IV. Virtual Memory Systems

   A. Virtual memory systems are characterized by logical address space >
      physical address space; but rather than making some logical addresses
      unusable, disk storage is used as an extension of main memory.  (Note:
      from here on out we will call "logical address space" "VIRTUAL address
      space" in recognition of the fact that this makes the memory available
      to a program look much larger than it actually is.)

   B. The basic idea is this: only a portion of a program's virtual address
      space is actually resident in physical memory at any given time.  The
      remainder is kept on secondary storage, to be brought in when needed.

   C. As with systems where virtual space < physical space, a mapping scheme
      is used to translate virtual addresses into physical.  However, this
      scheme includes one possibility not found in the earlier case.

      1. The mapping scheme described earlier had three possibilities:

         a.

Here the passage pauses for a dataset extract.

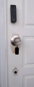 お客様が後付けしたスマートロックは使用したいとの事で、サムラッチから円筒錠へ

Success
         b. Failure due to attempting to access an unmapped portion of
            virtual space.
         c. Failure due to writing a readonly portion of virutal space.

      2. With virtual memory, a fourth possibility is introduced: the access
         may be valid, but the portion of memory desired may not be physically
         resident.

   D. To accomplish the necessary mapping of addresses, many systems (but not
      all) divide virtual space into fixed size regions called pages, and
      physical space into fixed size regions called page frames.  (The sizes
      are equal, so one page will fit into one frame.)

      Ex: DEC VAX - the pages and page frames are 512 bytes each.

      1. A virtual address is broken into two fields: a page number and an
         offset in page.

         Ex: On the VAX, the low order 9 bits of the virtual address are the
             offset, and the remaining 23 bits comprise the page number.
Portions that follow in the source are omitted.